The other thing is, typical solutions (“Eh, just go to the library”) don’t work. It’s almost never about just popping onto a computer for an hour to take care of a couple of things. It’s much broader than that. To stay current with what’s happening on the internet, you (or at least I) need to be on it. Yes, part of staying current does include the latest drunk pictures my friends from high school posted on Facebook. But part of it is reading blogs like Beth Kanter’s (and following the recommended links), or establishing myself in the nonprofit Twitterpack, or just poking around and seeing what I find. Popping over to the library once a week doesn’t really cut it.
The nature of the beast is that without home internet access, you’re cut off from not only important “putter time,” but also from the best resources about the resource.
Categories: Limited Access
Tagged: access, internet, support
My home internet went down a few months ago. My Internet provider says it’s a problem with my computer. My computer service people say it’s a problem with my Internet provider. I find myself stuck in the middle with no home internet access.
Now, cut to my professional life: I work for a nonprofit and am the de-facto tech guru of my group within the organization.
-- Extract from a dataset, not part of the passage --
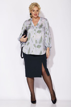 Рубашка прямого кроя с застёжкой-планкой на шесть петель и пуговиц. На полочках обработаны нагрудные вытачки, кокетки, накладные карманы и отделочные клапаны. Спинка с кокеткой, складкой и отделочной шлёвкой по центру. Рукав втачной, длинный, по низу застёгивается манжетой с пуговицей. Воротник стояче-отложной с отрезной стойкой. В боковых швах разрезы, низ рубашки разноуровневый.
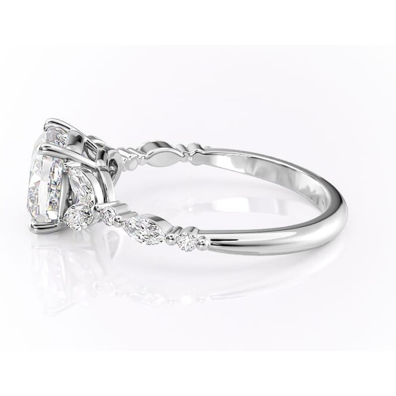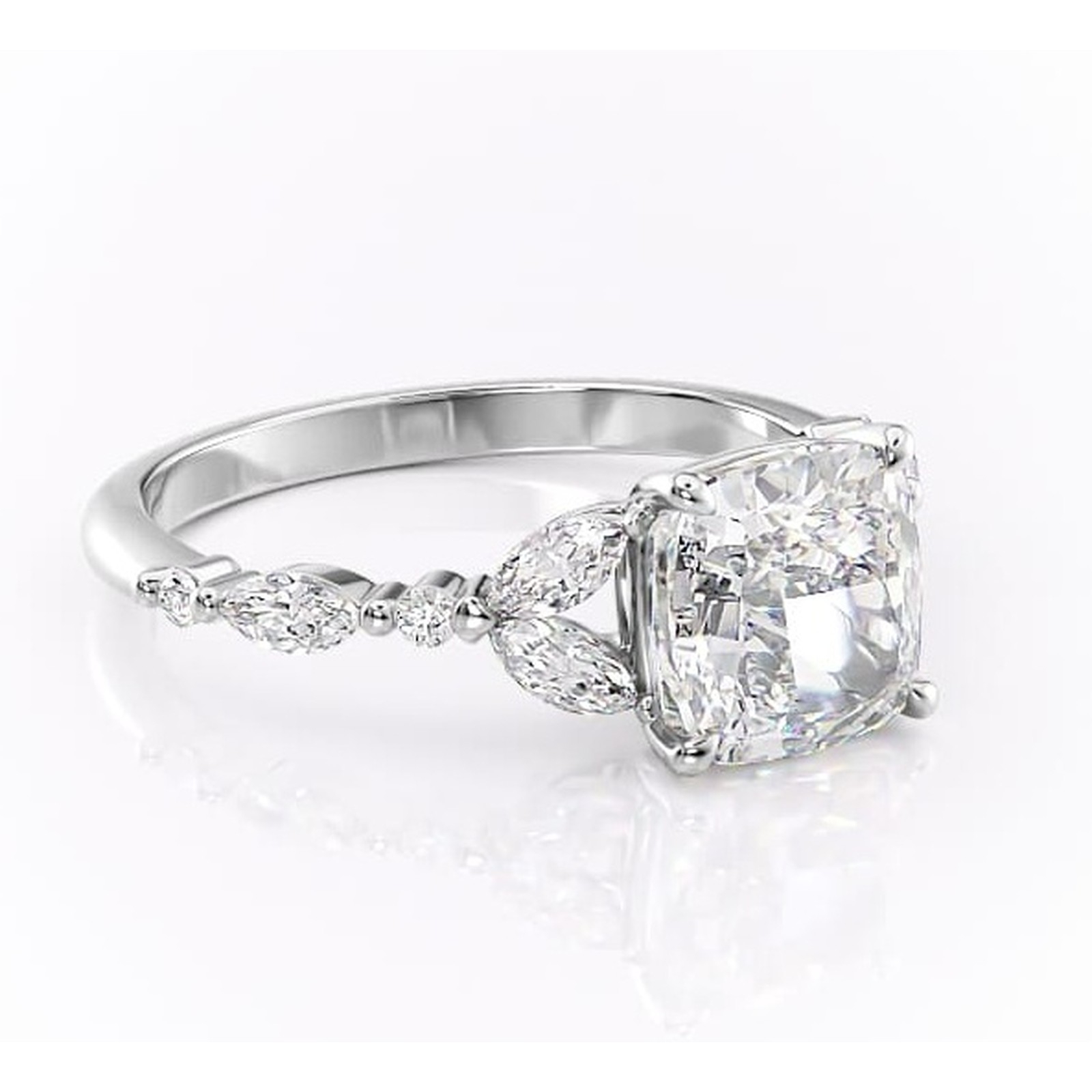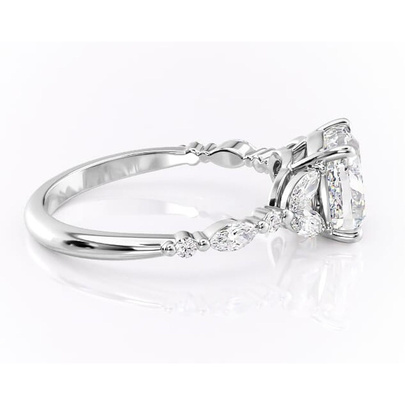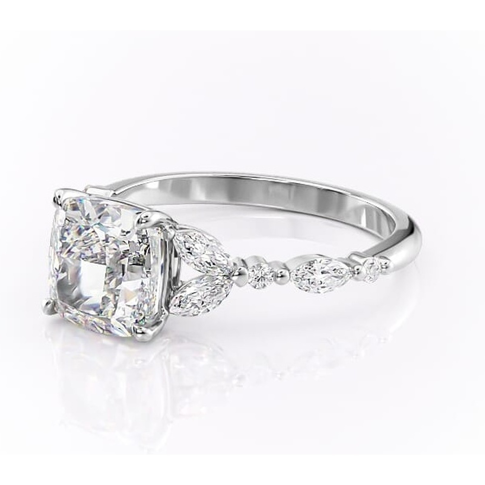 Inel de logodnă Bloom din aur Alb 14kt cu moissanite tăietură pernă – Montură cu trei pietre rafinată pentru profil mediu | Personalizează și configurează gratuit online

Much of what we expect of the people we work with is online, whether it’s learning English, filling out their timesheets, or applying to be part of our programs. We always tell people that if they don’t have Internet at home, they should just go to the library and get access there, or just use the Internet at work, or just go to a coffee shop. No problem.
Well, problem. Many problems. And that is what and how I am challenging myself to blog.